A special thanks to Dave Cox and Patrick Leary for their help in researching this story.
Five years after the passage of Title IX, Seattle University started a women's basketball program, with the hope of building it to see success similar to that enjoyed by the men's basketball team in the previous 25 years. Cathy Benedetto, a local legend as a player and high school coach, was brought in to lead the way, and she came to Seattle U with innovative ideas.
One of those ideas was to set up an exhibition game between her team and the national team of the Soviet Union, which was scheduling a tour of the United States to prepare for the 1980 Olympic Games in Moscow. Using connections she established as a player for the United States national team at the 1967 World University Games and Pan-American Games, she successfully put everything together, including convincing athletic director Ed O'Brien to allow her squad to face the USSR.
On December 6, 1979, the Seattle University women's basketball team made history. On that night almost 33 years ago, the women took on the Soviet Union national women's basketball team in the Kingdome, at the time setting the record for the highest attended women's basketball game in Washington state history.
Seattle U and the city of Seattle took significant steps to publicize the game. The night before the women's basketball game, the Seattle Supersonics, the defending NBA champions, hosted the Utah Jazz at the Kingdome, and the Seattle U women's basketball team was introduced to the crowd at halftime of that contest.
Among the then-record crowd estimated at 7,200 was Washington governor Dixy Lee Ray. At the time, that represented the biggest crowd the Russians had drawn on their American tour. The game was being held at the Kingdome because the Seattle Center Coliseum was undergoing renovations at the time.
The Soviet Union team had a little trouble getting used to the unusual shooting background at the Kingdome, missing its first few field goal attempts as Seattle U took an early 4-0 lead. However, once the Soviets adjusted to the background, they showed why they were considered the best women's basketball team in the world, going on to defeat Seattle U, 135-45.

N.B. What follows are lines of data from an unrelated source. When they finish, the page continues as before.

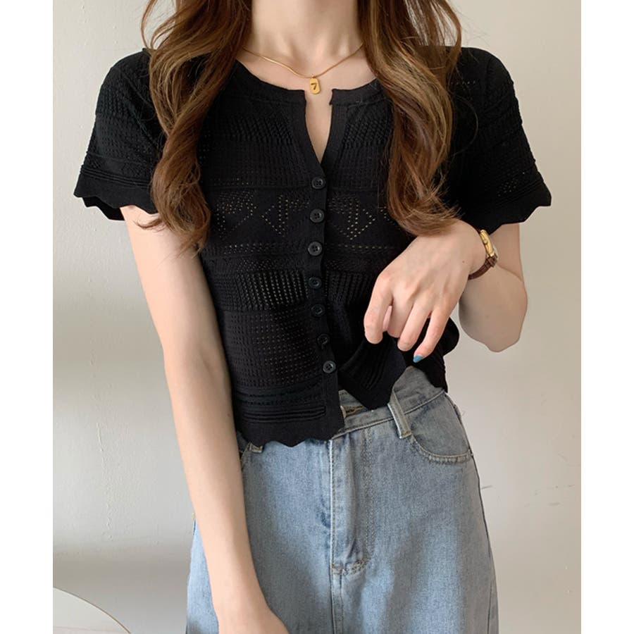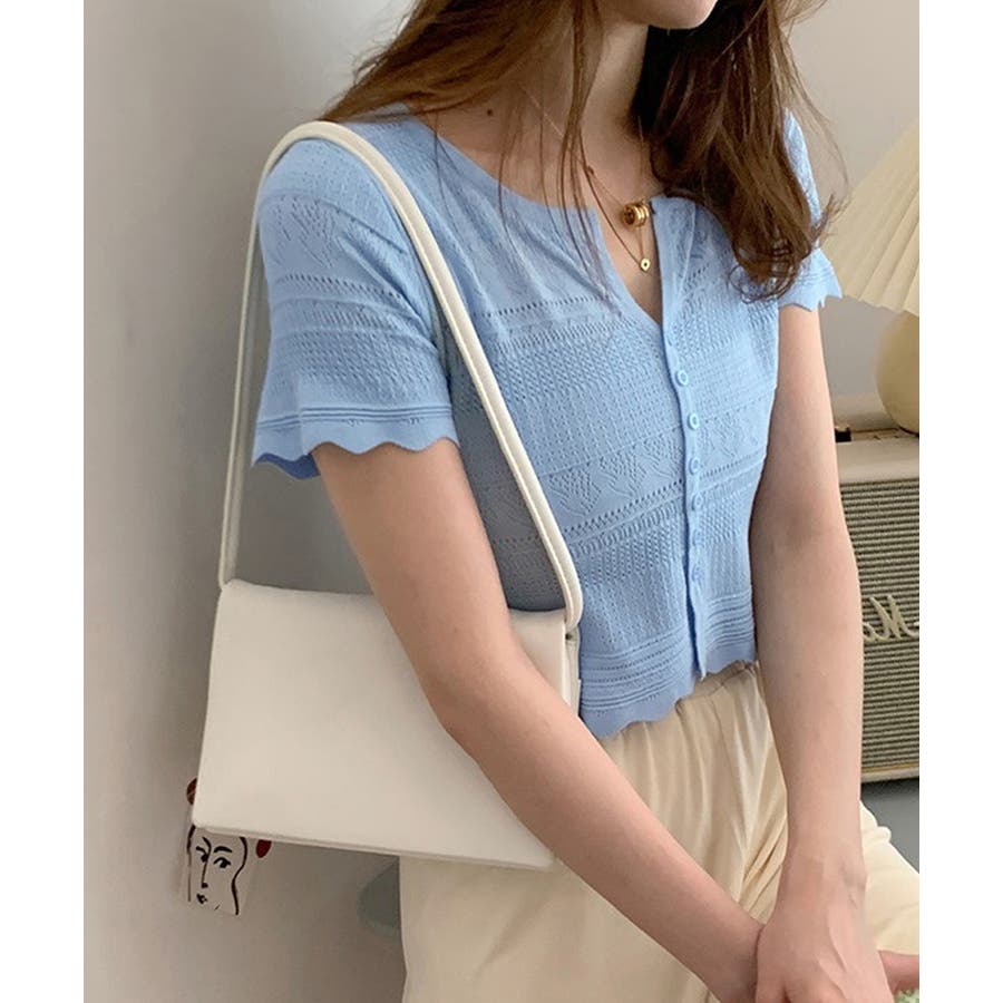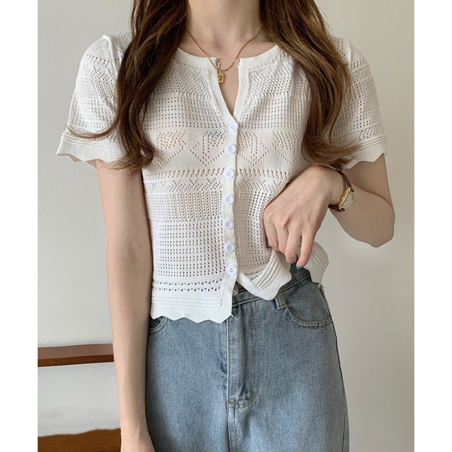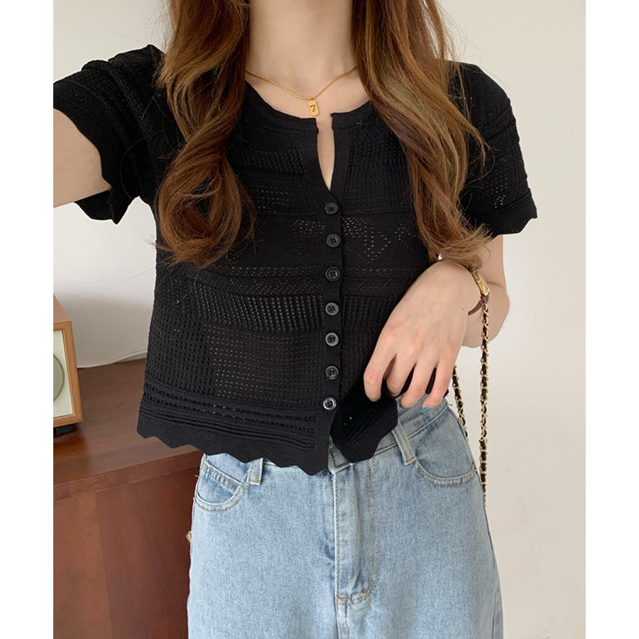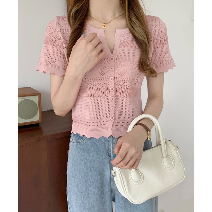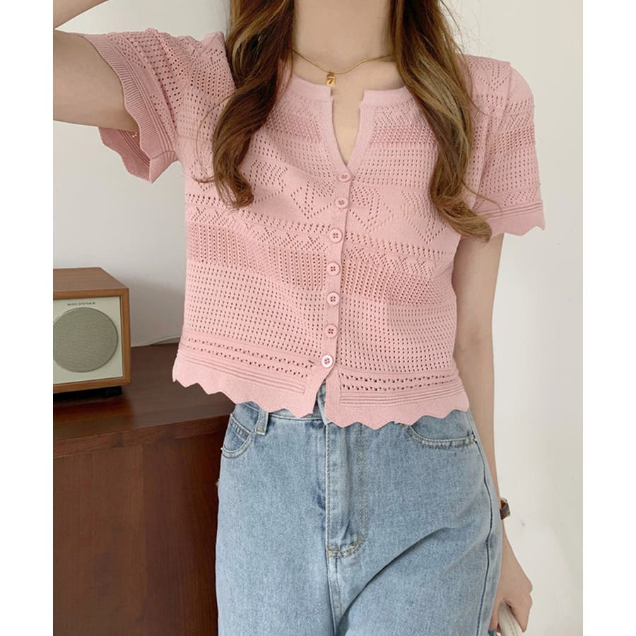 繊細な透かし柄デザイン透かし編みサマーニットカーディガン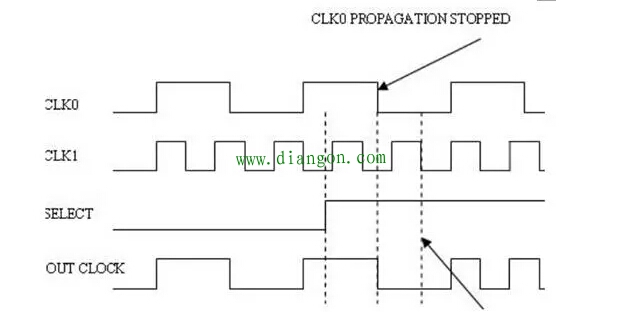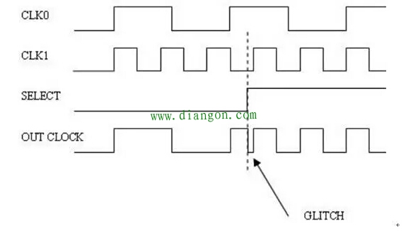 如上图,大家会很自然而想到的一种时钟切换电路,可是,你仔细分析,你会发现该电路会出现如下的问题,毛刺!这个毛刺无论对于clk0还是clk1都不是好事,它不属于任何一个时钟域,它的脉宽根本无法确定,你切换的点会影响毛刺的宽度。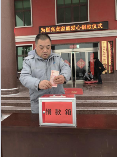 2019年2月14日組織公司全體職工為三廠怡景苑小區(qū)天然氣爆炸崔兆虎家庭捐款17890元,其中他本人捐款1000元,公司捐款10000元。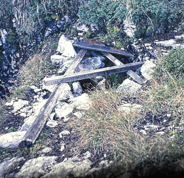tiefe Schachthöhle im Hochwieskopf, Land Salzburg, A 1524/44 Elliptische, maximal 1,5 m weite Schachtöffnung in einem Wiesenhang, zum Schutz des Weideviehs abgedeckt, führt in einen 10 m tiefen Schacht |
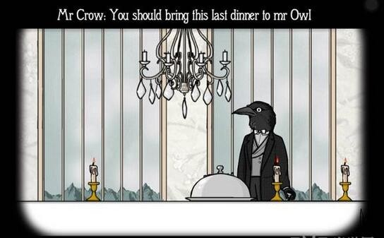 4、去找蛤蟆厨师,做好饭后发现乌鸦先生在餐桌前,告诉我们“你要把最后一顿晚餐端给猫头鹰先生”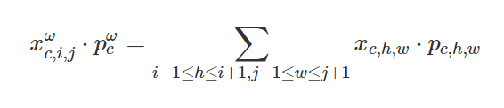 여기서, xc,i,j는 이미지의 c번째의 채널의 위치 (i, j)를 의미하는 것이다. 그리고 T(⋅)는 2차원 공간의 공간의 함수로, Funnel Condition이라고 불리고 있다. Funnel Condition의 식에서 왼쪽의 첫 번째, xωc,i,j는 Parametric Pooling Window이라고 불리는 것으로, xc,i,j를 중심으로 한 kh×kw의 윈도우이다. 윈도우 사이즈는 기본적으로 3x3이다. pωc는 그 관계를 나타내고 있다. pωc는 PReLU와 동일하게 채널마다 다르다.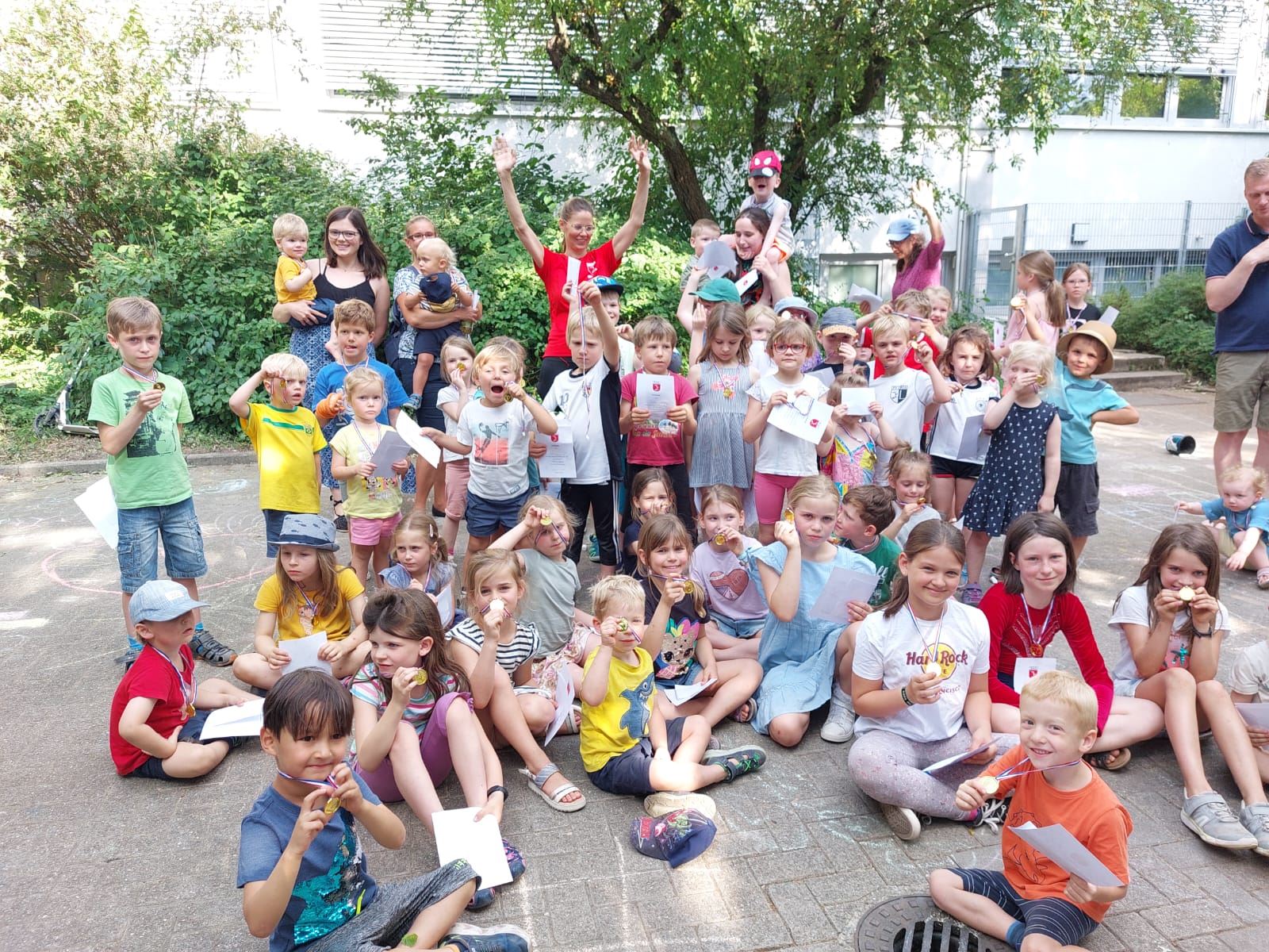 80 Kinder mit ihren Eltern, haben den Nachmittag bei sommerlichen Temperaturen in und außerhalb der Gymnastikhalle genossen. Nach einer Begrüßung und einem Aufwärmtanz gingen die Kinder mit Laufzetteln bewaffnet zu den einzelnen Stationen.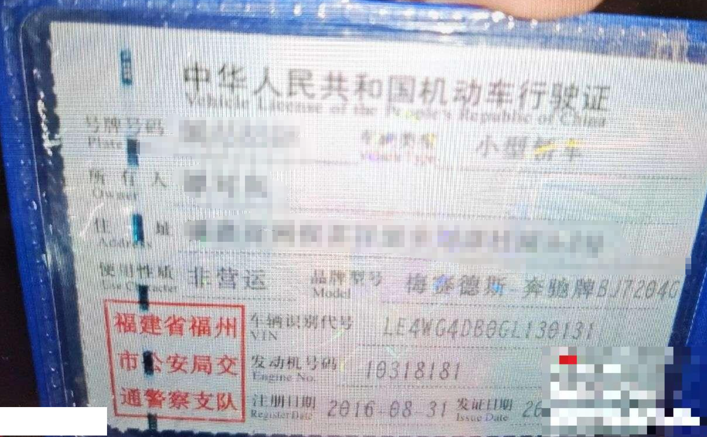 车牌号 闽****** 品牌 奔驰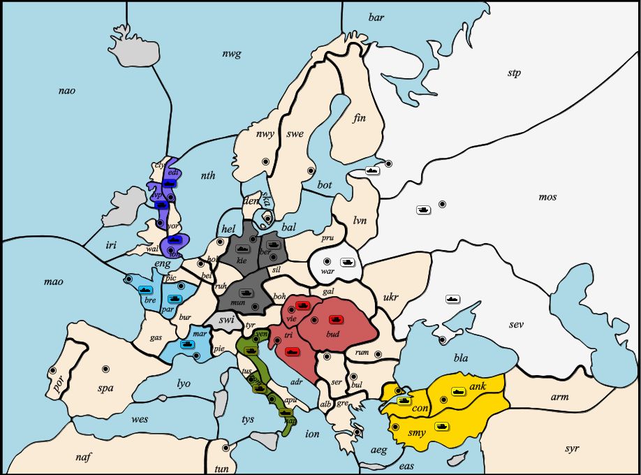 Diplomacy is an old board game, conceived in 1954 and commercially published in 1959, that acted as a rough simulation for studying the First World War. The game takes place in Europe, with seven players each controlling a major European power. It was also the first commercial game to be played extensively by mail. As such, it lends itself to play-by-forum-thread. I have a video game version, called jDip, instead of an actual board.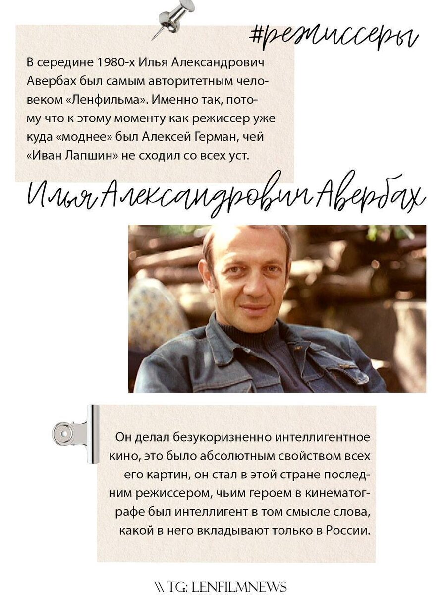 🎞️ Сегодня мы поговорим об Илье Александровиче Авербахе — ➕Изысканный и чувственный, он был гением, когда это слово еще не потеряло весь заложенный в него этимологический смысл. Почти все, кто писал о нем в дневниках или же некрологах, особенно часто повторяли слова «артистичный» и «элегантный»⭐️ Среди его работ такие фильмы, как: 😀«Степень риска», 1968г. 😀«Чужие письма», 1975г. 😀«Драма из старинной жизни», 1971г. 😀«Объяснение в любви», 1977г. #РежиссерыЛенфильма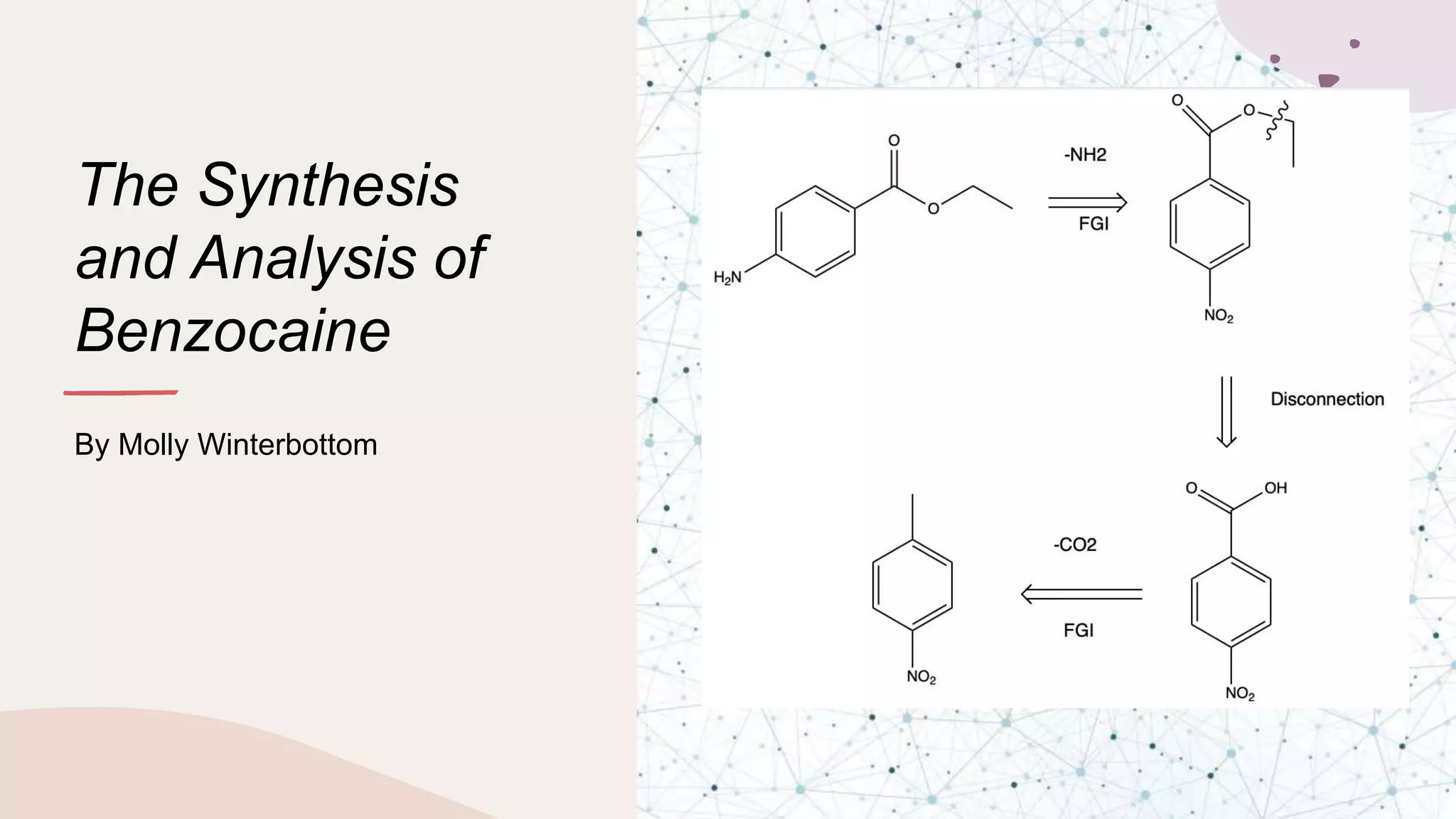 The document summarizes Molly Winterbottom's experiment to synthesize benzocaine through a three-step process from nitrotoluene. The first step was oxidizing nitrotoluene to form nitrobenzoic acid. The second step was a Fischer esterification of nitrobenzoic acid to form ethyl 4-nitrobenzoate. The third step reduced the nitro group to an amino group to form the final product, ethyl 4-aminobenzoate (benzocaine). TLC plates and IR spectroscopy confirmed the products of each step. Two analogs were also synthesized by modifying the second and third steps.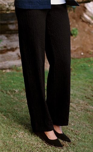 Scrunch Cloth performs brilliantly under pressure—it's lightweight, packs to almost nothing, washes and dries quickly, and will not wrinkle. Women's stretch waist, pull-on pants have two side pockets. Rayon/polyester/spandex. Washable. Imported.Sizes: S(6-8, M(10-12, L(14-16, XL(18-20; inseam about 31".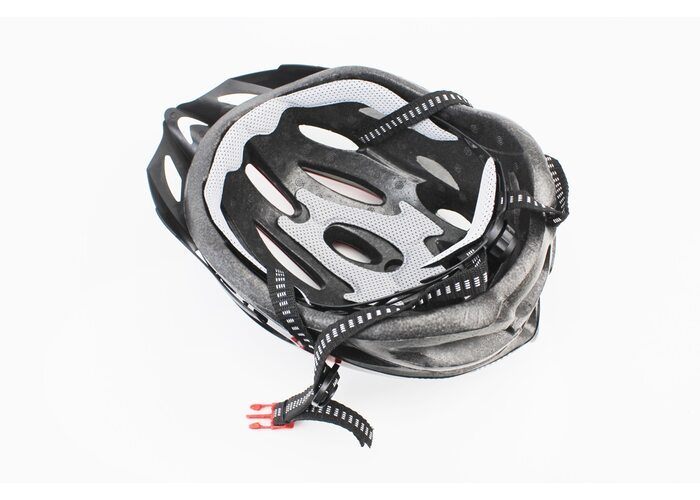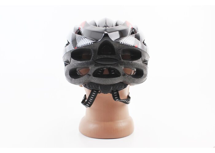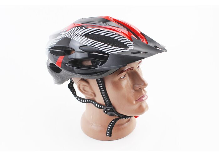 Шолом велосипедний L (54-62 см) знімний козирок, 21 вент. отворів, чорно-червоно-білий виробництва Китай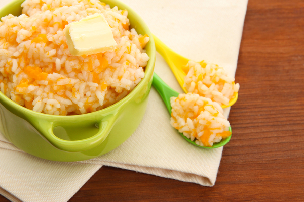 3. Смешать готовый рис, тыкву, рубленые орехи и сливочное масло. Перемешать.

Seven different Soviets scored 18 points in the contest, including seven-footer Uljana Semenova, who only played a few minutes of each half. C.J. Sealey led the SU women with 15 points, including 11 free throws.
Semenova, the Soviet star who dwarfed almost anyone she came across at the time, was the first non-American woman inducted into the Naismith Basketball Hall of Fame. She was regarded as the best women's basketball player of the 70's and 80's, and belonged to the inaugural class of the Women's Basketball Hall of Fame in 1999.
When the seven-footer was not on the court, the Soviet Union still enjoyed a significant height advantage over Seattle U, with players at 6-5, 6-3, 6-3, 6-1, and 6-0. Seattle U had two players listed at 6-2 (April Lewallen and Debbie Henderson), with Sue Turina coming in at six-foot tall, at least a full foot shorter than Semenova, making for a memorable photo of the opening tip.
A month after the game, The Spectator, Seattle University's student newspaper which was on winter break at the time of the contest, ran a full-page summary of the game that showed pictures of a significant crowd watching the noticeably taller Soviets battle the Chieftains. The page bore the headline "Dome Diplomacy."
The Soviet Union squad would go on to win the gold medal at the 1980 Olympics, while Seattle U advanced to the AIAW playoffs for the third straight year, defeating Oregon State and Eastern Washington before losing to Oregon in the regional finals in front of 4,200 fans, the largest crowd to watch a Region IX tournament championship.
The women's basketball program had succeeded in gaining much-needed publicity as it continued to rise within the Seattle U athletic department. That game against the Soviet Union is definitely one of the benchmarks in the 35-year history of women's basketball at Seattle University.